- Born: November 25, 1948 Indianapolis, Indiana, US
- Died: August 20, 2016 (aged 67) Ashland, Oregon, US
- Education: Goodman Theatre (BFA)
- Occupation: Actress
- Years active: 1975–2016
- Spouse: João Fernandes

= Judith-Marie Bergan =

American actress (1948–2016)

Judith-Marie Bergan (November 25, 1948 – August 20, 2016) was an American film, television and stage actress, known for starring in the Joseph Zito films Abduction and Bloodrage. She appeared in the television series Brothers and had a recurring role in Soap and in Maggie. Bergan was married to cinematographer João Fernandes.

==Background==
Bergan was born in Indianapolis, Indiana on November 25, 1948. Her young to teenage years were spent there as well as in Louisville and Highland Park. Bergan received a Bachelor of Fine Arts degree in acting from the Goodman Theatre in Chicago.

==Career==
===Television===
In 1977, she appeared in Charlie's Angels, playing the part of Raven in the Angels on the Air episode that also starred Nicolas Coster and John Forsythe. Between 1977 and 1978 she appeared in various episodes of Soap as Marilyn McCallam. In a December 1984 Highway to Heaven episode "Hotel of Dreams" she played Allison Rutledge, a difficult guest who unsuccessfully tried to cause trouble for the main characters. She also had a starring role in the short-lived Martin Mull sitcom, Domestic Life. It was a mid-season replacement on CBS in 1984 and lasted 10 episodes. She played Janet in the Tales from the Darkside episode "Effect and Cause" (1985). In 1987 she appeared in Days of Our Lives as Elizabeth Harley. In the 1987 TV series Hard Knocks, she played Maggie a sarcastic lady who happened to be a restaurateur and who was also an ex-con and informant.

===Film===
She played the lead role of Patricia Prescott in the Joseph Zito directed / Kent E. Carroll produced film Abduction, based on the Harrison James novel Black Abductor. The film came out in October 1975. She played the part of the daughter of a rich property developer who is kidnapped by a group of radicals and ends up becoming converted to their cause. In 1978 she had a role in the Delbert Mann directed Thou Shalt Not Commit Adultery, a made for television drama about the wife of a disabled man who has an extramarital affair. The following year she co-starred as Beverly Stevens in the horror film Bloodrage which was also directed by Joseph Zito.

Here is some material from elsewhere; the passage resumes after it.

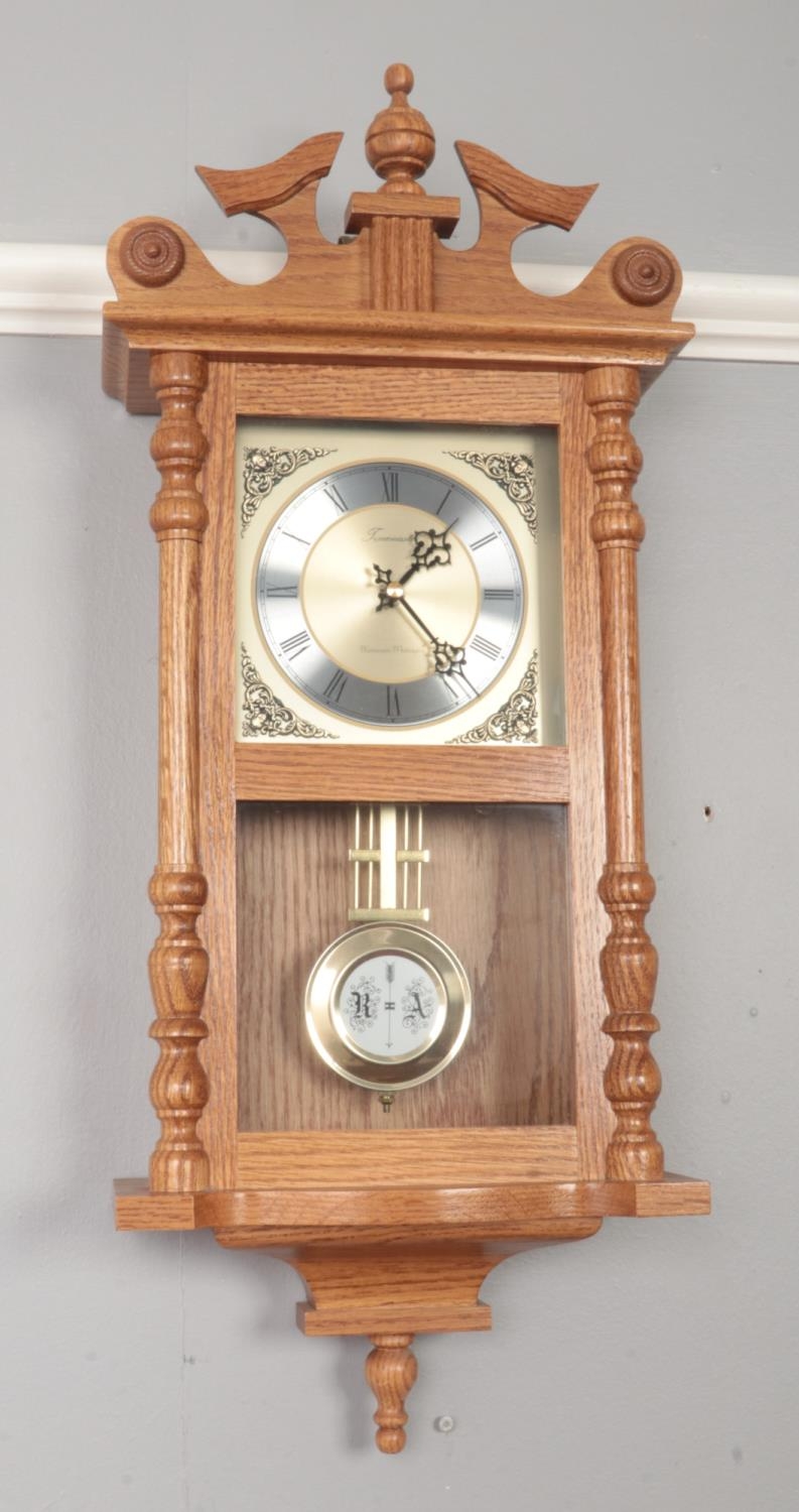 A modern oak Timemaster quartz wall clock. Westminster Whittington chiming.

Her final film was Finding Kelly in 2000.

===Stage===
In 1997, having left her television and film career she became a member of the Oregon Shakespeare Festival and took on a variety of roles and spent 16 seasons with the company.

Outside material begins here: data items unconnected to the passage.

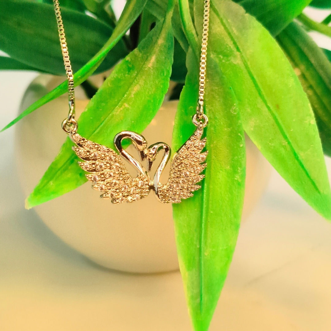 Celebrate grace and eternal love with the Virsah Gold Swan Wings Pendant Necklace — a stunning creation that blends romantic symbolism with timeless elegance. The twin swan design, adorned with shimmering crystals, represents love, purity, and unity. Perfect for both daily elegance and special occasions, this exquisite piece brings a touch of sophistication to every outfit.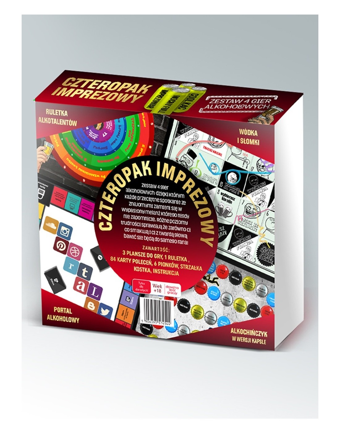 Wybierz 4-pak Imprezowy i podbij atmosferę każdej imprezy. To nie tylko zestaw gier, to gwarancja niezapomnianych chwil pełnych śmiechu i emocji. Nie trać czasu na nudne wieczory - z tym zestawem każda impreza stanie się wyjątkowa. Zamów teraz i rozkręć towarzystwo!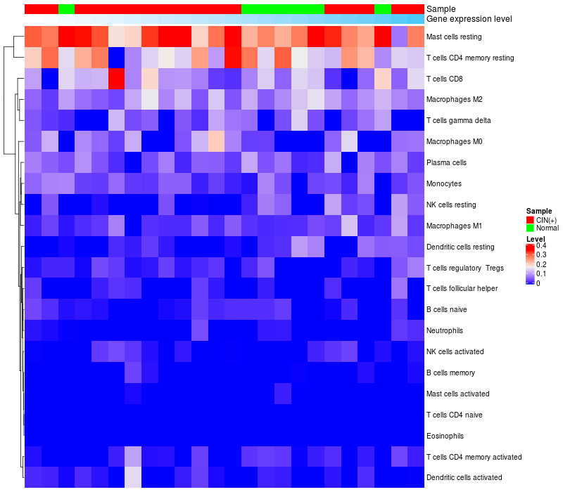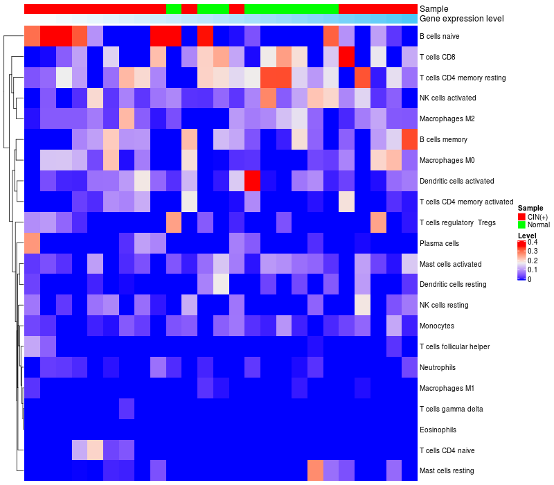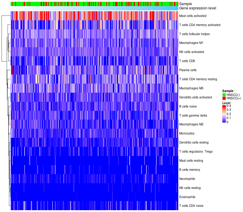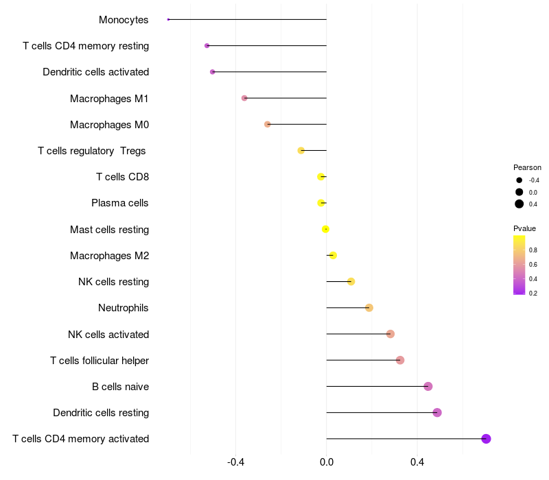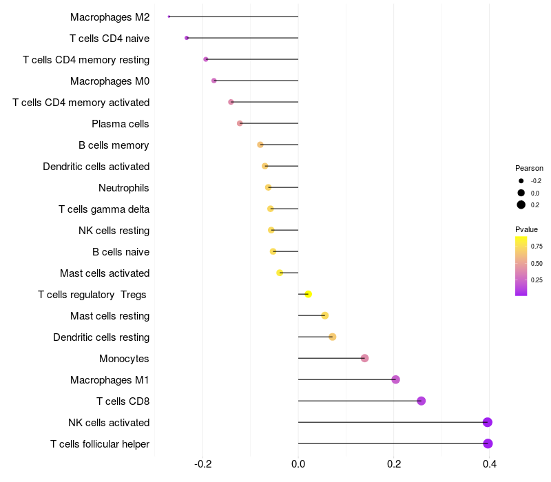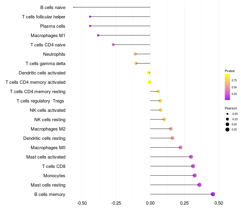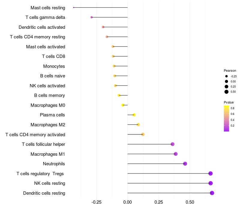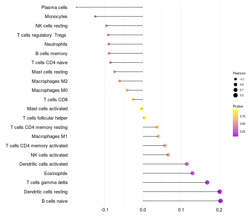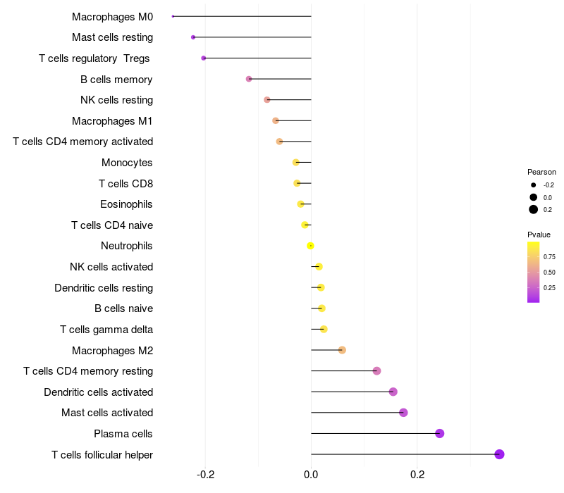 Lollipop of FGFR3 expression and immune infiltrating cell level correlation result in HPV+ samples

One of the roles that she played was that of Mary in Eugene O’Neill’s A Long Day’s Journey Into Night, about a family which was set in or around 1912. She played the part of a mother who because of a painful birth delivery was introduced to drugs by her doctor. She would later become a woman who by the evening would regress to a drugged out almost catatonic state.

As a renown stage actress, she was recognized by the Oregon Shakespeare Festival, who dedicated the 2017 theater season to her honor.
==Death==
Suffering from lung cancer, Bergan died at her home in Ashland, Oregon on August 20, 2016. She was survived by her cinematographer husband, João Fernandes, as well as her two sisters, Brooke and Joan.